INSTRUCTIONS FOR THE TASK:
Begin at the top of the entries below and write out every line through the one containing "研究结论:新型抗菌纤维Cu-TA@HF性", excluding pictures.

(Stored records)
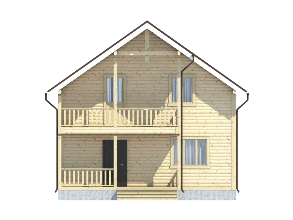 Проект полутораэтажного дома из бруса с балконом и террасой, общая площадь которого составляет 125 кв.м., – это эксплуатационная надежность, функциональность и изысканный дизайн.
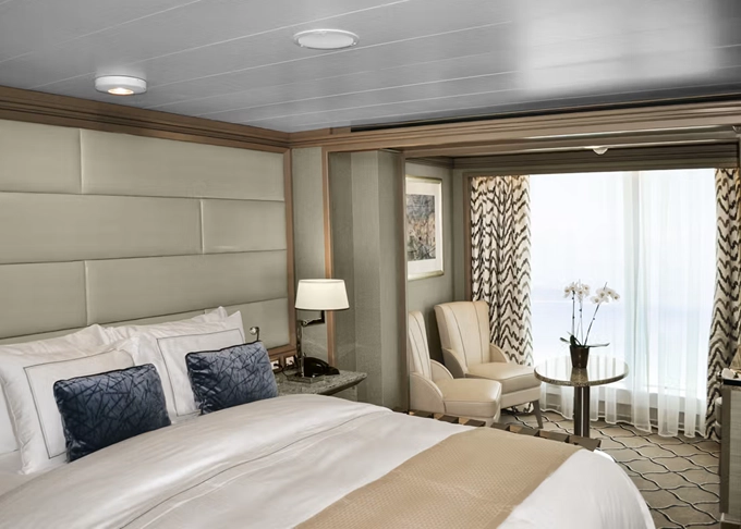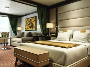 | VI - Vista Suite s oknem 32 m². Panoramatické neotevíratelné okno. 4. paluba. Ložnice s obývací částí. | 299 236 Kč 299 236 Kč za osobu | ||
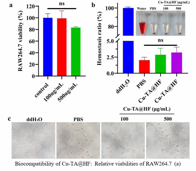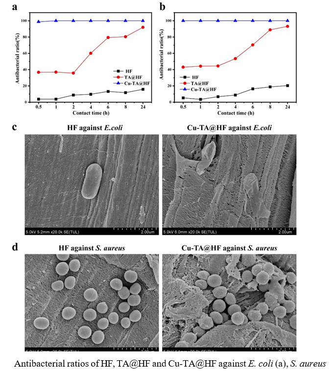 研究结论:新型抗菌纤维Cu-TA@HF性能稳定而且对纤维的机械强度没有显著影响。新型抗菌纤维Cu-TA@HF对金黄色葡萄球菌和大肠杆菌的抗菌率在24小时内超过98%。经过50次洗涤循环,对金黄色葡萄球菌和大肠杆菌的抗菌率仍保持在93%以上,另外该材料具有良好的生物相容性。本研究开创了纺织和医疗领域提升抗菌效果的新途径。
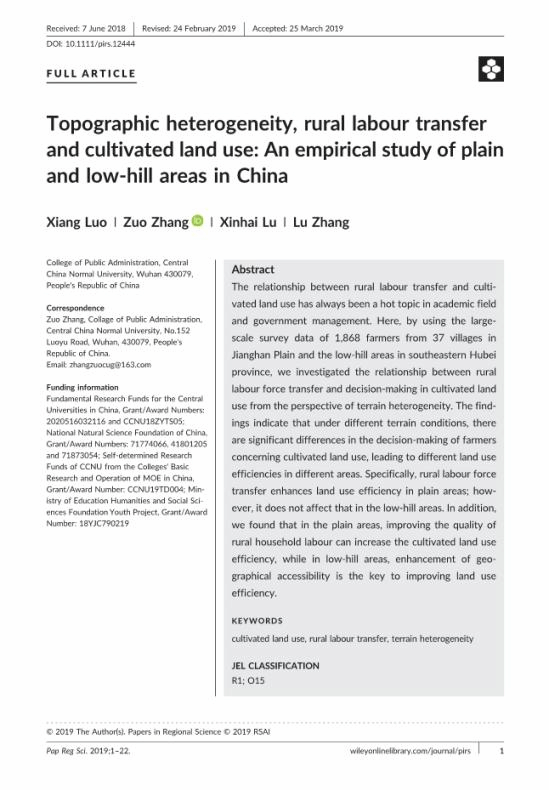 公管在线讯(通讯员:敖心荷)近日,我院罗翔、张祚、卢新海、张路等学者所作论文“Topographic heterogeneity, rural labour transfer and cultivated land use: An empirical study of plain and low‐hill areas in China”被SSCI期刊《Papers in Regional Science》录用。
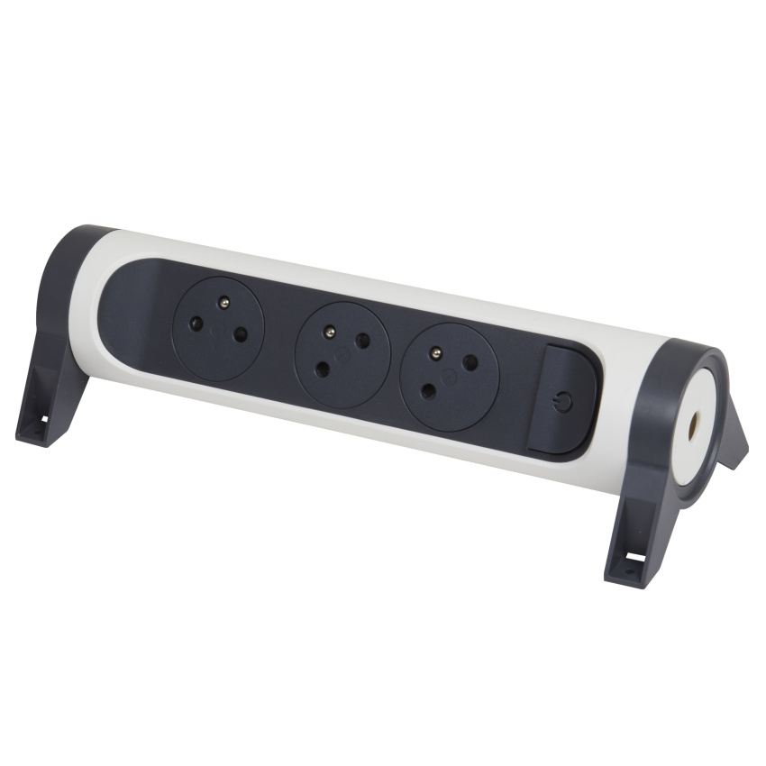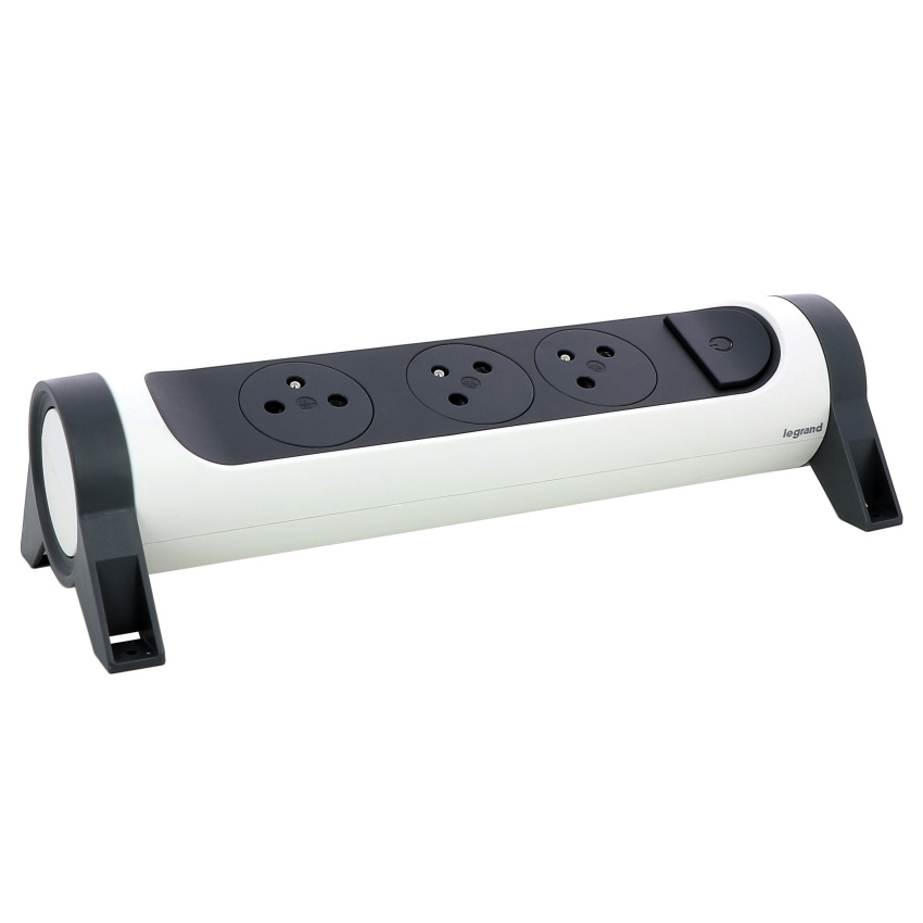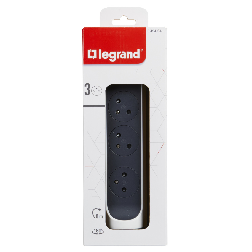 Prodlužovací přívod s válcovým otočným tělem a třemi 2P+T zásuvkami. Díky patentu společnosti Legrand se zarovnaná dna zásuvek zasunou dovnitř až po zastrčení vidlice, tím se dosahuje atraktivního designu a zamezuje hromadění prachu. Pootočené zásuvky poskytují prostor pro připojení i objemnějších nabíječek. Prodlužovací přívod je možné upevnit v horizontální i vertikální poloze a nechybí ani spínač pro vypnutí a zapnutí.
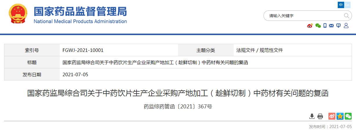 國家藥監(jiān)局綜合司關于中藥飲片生產企業(yè)采購產地加工(趁鮮切制)中藥材有關問題的復函
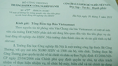 Ngày 16/6, VietNamNet đã nhận được văn bản trả lời số 297/ĐHCN-TCHC từ hiệu trưởng nhà trường giải thích về bức xúc của sinh viên.
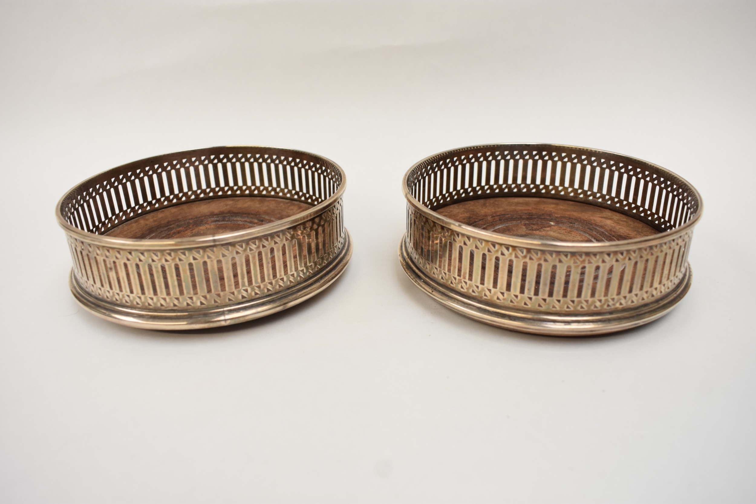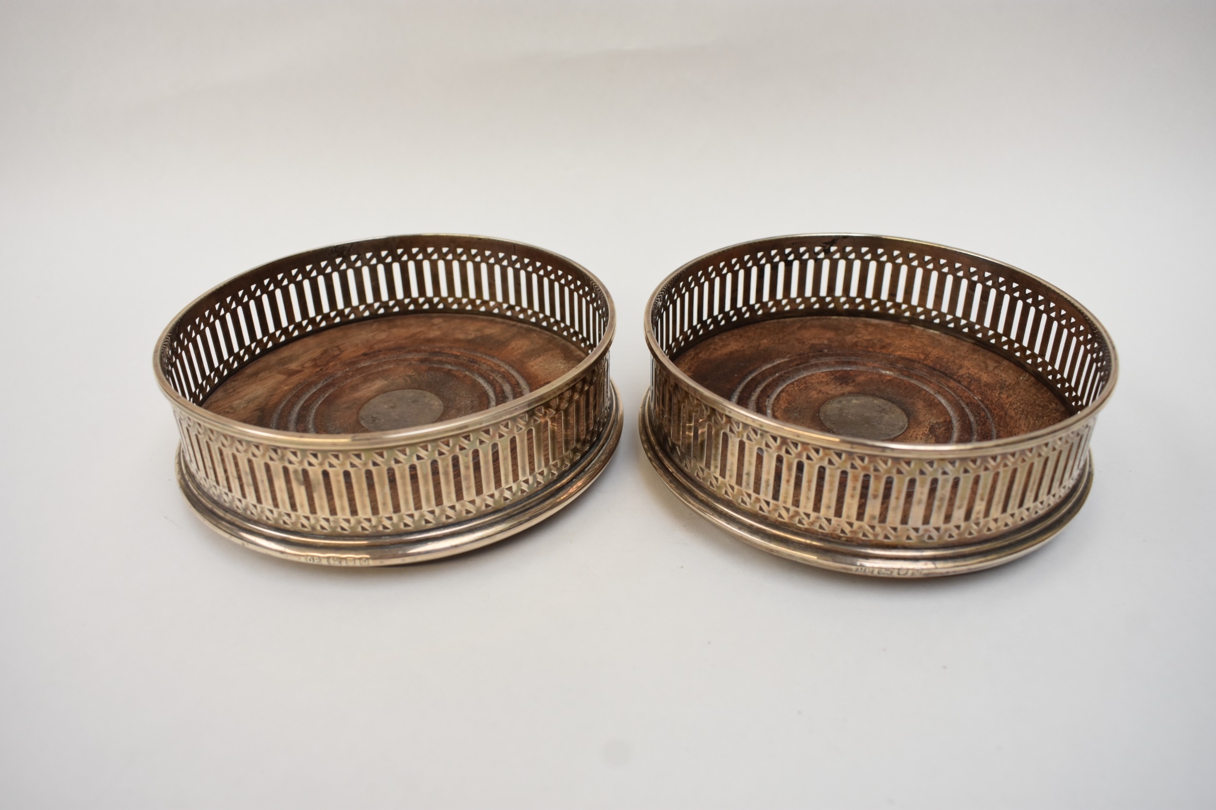 A pair of silver coasters by Douglas Pell Silverware, London...

TASK ANSWER:
 Проект полутораэтажного дома из бруса с балконом и террасой, общая площадь которого составляет 125 кв.м., – это эксплуатационная надежность, функциональность и изысканный дизайн.
 | VI - Vista Suite s oknem 32 m². Panoramatické neotevíratelné okno. 4. paluba. Ložnice s obývací částí. | 299 236 Kč 299 236 Kč za osobu | ||
 研究结论:新型抗菌纤维Cu-TA@HF性能稳定而且对纤维的机械强度没有显著影响。新型抗菌纤维Cu-TA@HF对金黄色葡萄球菌和大肠杆菌的抗菌率在24小时内超过98%。经过50次洗涤循环,对金黄色葡萄球菌和大肠杆菌的抗菌率仍保持在93%以上,另外该材料具有良好的生物相容性。本研究开创了纺织和医疗领域提升抗菌效果的新途径。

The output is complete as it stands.